The dentist will examine your mouth using a mirror and probe. For a detailed examination, all Dental Guru clinics have microscopes. If the problem and its solution are obvious, then if you agree, treatment can begin immediately. To clarify the diagnosis, the doctor will conduct the necessary functional diagnostics.

How do our dentists conduct a visual examination?

First, you will sit in the dental chair, and the doctor will examine your head and face: there are no changes in the color of the skin, the size of the lymph nodes, or swelling.
He will then ask you to tilt your head back and open your mouth as wide as possible. This is necessary to assess the condition of the upper and lower palate, tongue, inner cheeks and lips. No tools are required here, just a source of bright light. Even if you are concerned about a specific tooth, all teeth must be examined. After all, it often turns out that the problem lies in a completely different place. To do this, the doctor uses a dental mirror and a special probe.

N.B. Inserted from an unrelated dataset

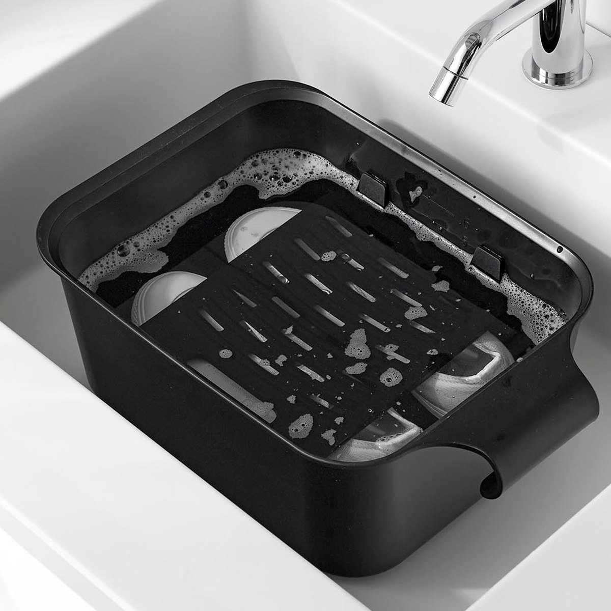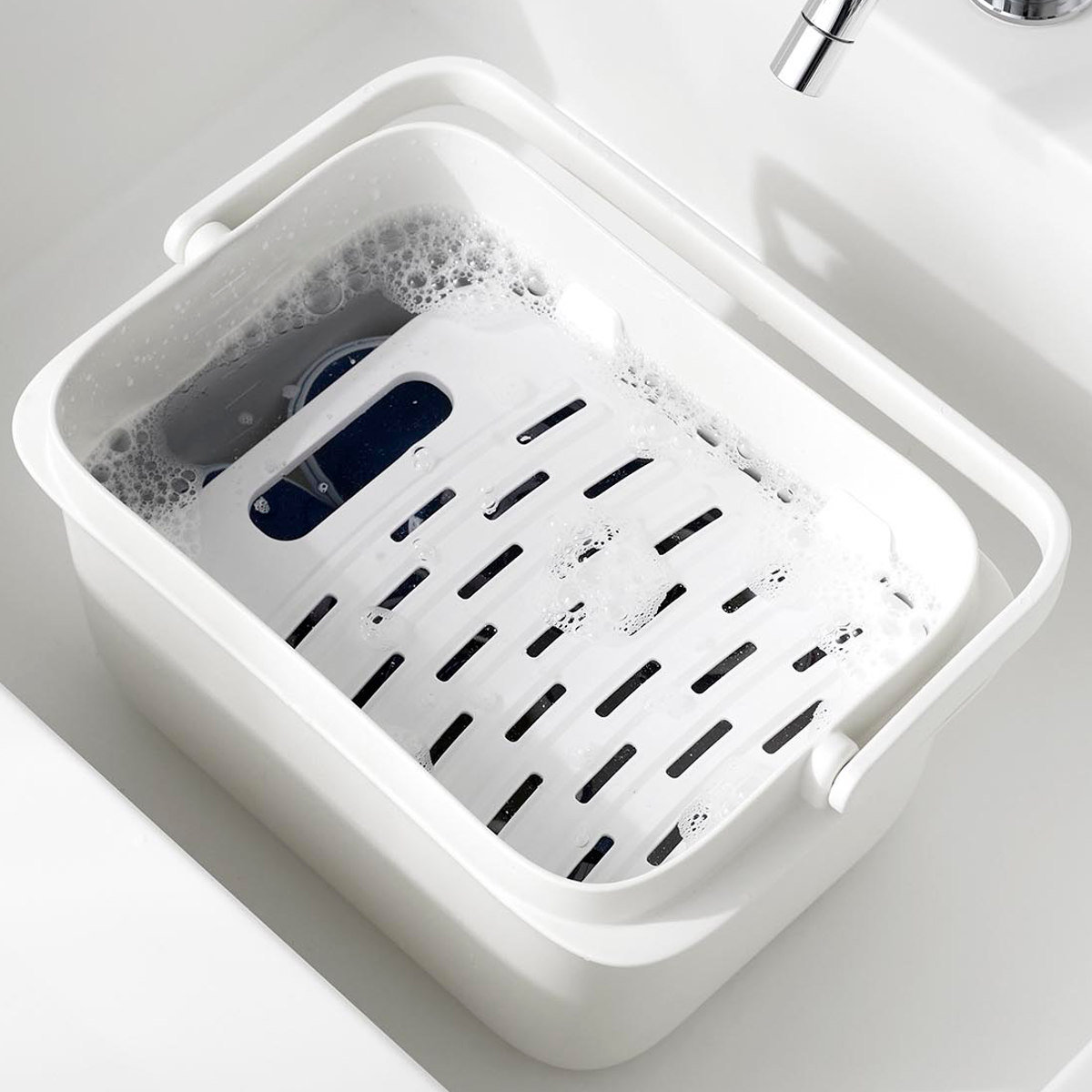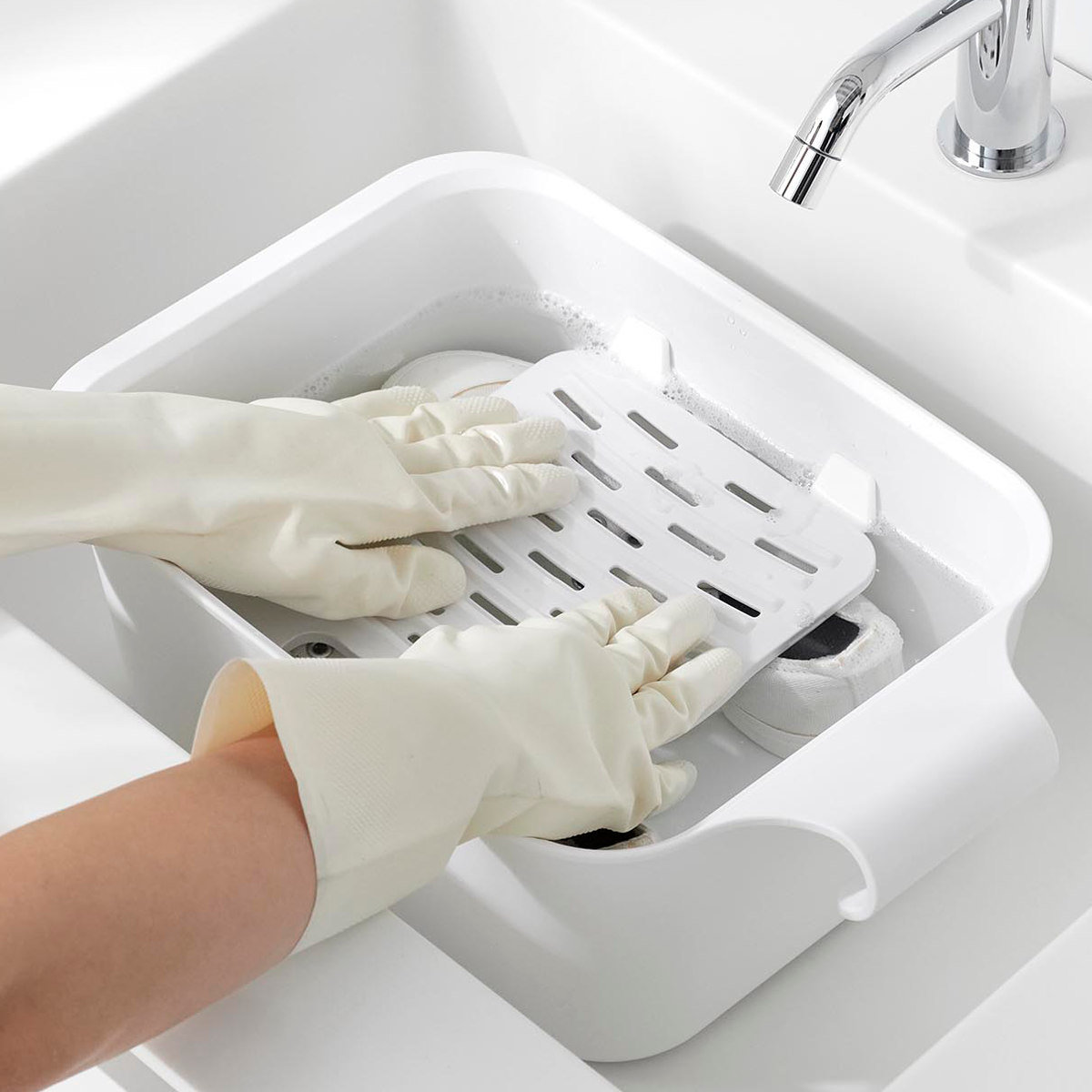 バケツと一緒に使うことで衣類や靴が浮くのを防げます。シリコーン製のストッパーで浸け置き板を固定し、衣類や靴を押さえます。

• A small mirror allows you to carefully examine hard-to-reach areas and illuminate those places that the lamp rays do not reach. Carious cavities, tartar deposits, suppuration, chips, dental growth disorders - all pathologies appear in full view.
• Using a pointed probe (explorer), the dentist checks all suspicious crevices, depressions, cracks and darkened areas. If everything is in order, then the probe moves freely. If the enamel is damaged somewhere, then most likely there is a hidden carious cavity.
• The condition of the gums can be assessed with a periodontal probe. At its tip there is a millimeter scale and a small ball to reduce possible discomfort. With its help, the dentist receives information about the presence of inflammation, bleeding, the depth of periodontal pockets, etc.

A visual examination helps an experienced dentist immediately make a diagnosis in the following cases: caries, gingivitis, periodontitis, malocclusion. However, some diseases that occur latently, for example, periodontal disease and severe forms of caries, can only be detected using hardware diagnostics.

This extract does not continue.